RAL Tier1 Operations Report for 22nd December 2010

Review of Issues during the week from 15th to 22nd December 2010.

  • Intermittent problems has been seen by CMS in the connectivity of worker nodes with their squids were reported last week. The cause has been traced to a configuration which required that each file access needs a DNS lookup of the name of the CERN peered server. This has now been corrected.
  • An Alice tape broke. It had some 12,000 files on it, of which around 4,000 were recovered from the staging disk. Alice have been informed.
  • Thursday 16th - Late afternoon we failed a LHCb VO SAM test on srm-lhcb. The cause was the Castor JobManager which had stopped responding (although the process was running fine.)
  • Thursday 16th - A failed transceiver was found (and replaced) on one of the pair of uplinks from switch stack 13. For some time we had been running with only one of the pair of links working.
  • Friday 17th Dec. One call-out for gdss70 (LHCbMDST) failed with file system errors. There were no un-migrated files on the server and it remains out of production for investigation.
  • Friday 17th Dec. Overnight we saw a very high rate of access to Castor by Atlas and we failed a lot of transfers with the Castor scheduler (LSF) struggling. Atlas blacklisted the UK cloud. The number of FTS transfers and total batch jobs were throttled back and the situation was recovered.
  • GDSS357 (CMSFarmRead) failed overnight Saturday/Sunday (18/19 December). The hardware fault is being followed up with the vendor.
  • The rolling update of microcode on the tape drives was completed (second half done Tuesday 21st December)
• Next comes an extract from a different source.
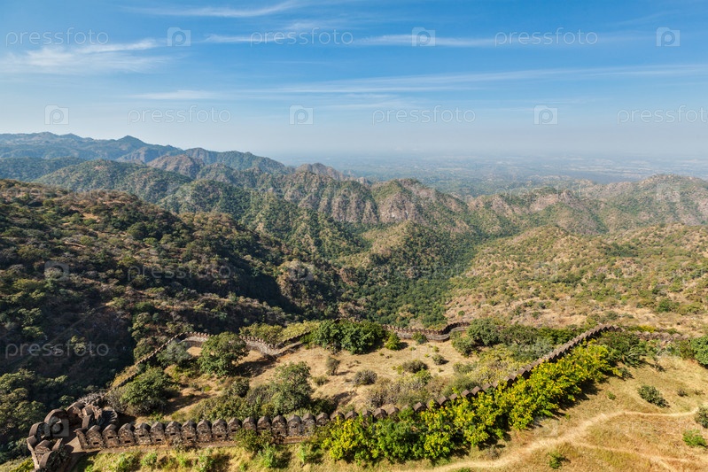 Вид на холмы, форт Кумбальгрх и укрепленные стены.Раджастхан, Индия

Current operational status and issues.

  • Problems with a particular batch of disk servers that has been responsible for a significant number of disk server failures: These servers are being drained and taken out of use. This process is well underway and expected to compete within the next week or so.
  • Transformer TX2 in R89 is still out of use.

Declared in the GOC DB

  • 17/18 January: Upgrade to 64-bit OS on Castor disk servers for Atlas.

Advanced warning:

The following items are being discussed and are still to be formally scheduled:

  • Application of kernel update to batch server (some small risk to batch services).
  • Upgrade to 64-bit OS on Castor disk servers to resolve checksumming problem. Possible dates for this are:
    • CMS - Late January or Early February 2011.
  • 22/23 January. Weekend power outage in Atlas building (leading to "At Risk").
  • Increase shared memory for OGMA, LUGH & SOMNUS (rolling change).
  • Address permissions problem regarding Atlas User access to all Atlas data.
  • Upgrade all Oracle databases from version 10.2.0.4 to 10.2.0.5 (assuming this upgrade goes OK at CERN).

Plans for Christmas and New Year Holidays

The Tier1 will remain up over the holiday. Details of the plans have been published via a blog entry at:

http://www.gridpp.rl.ac.uk/blog/2010/12/10/ral-tier1-%E2%80%93-plans-for-christmas-holiday/

Entries in GOC DB starting between 15th and 22nd December 2010.

  • None.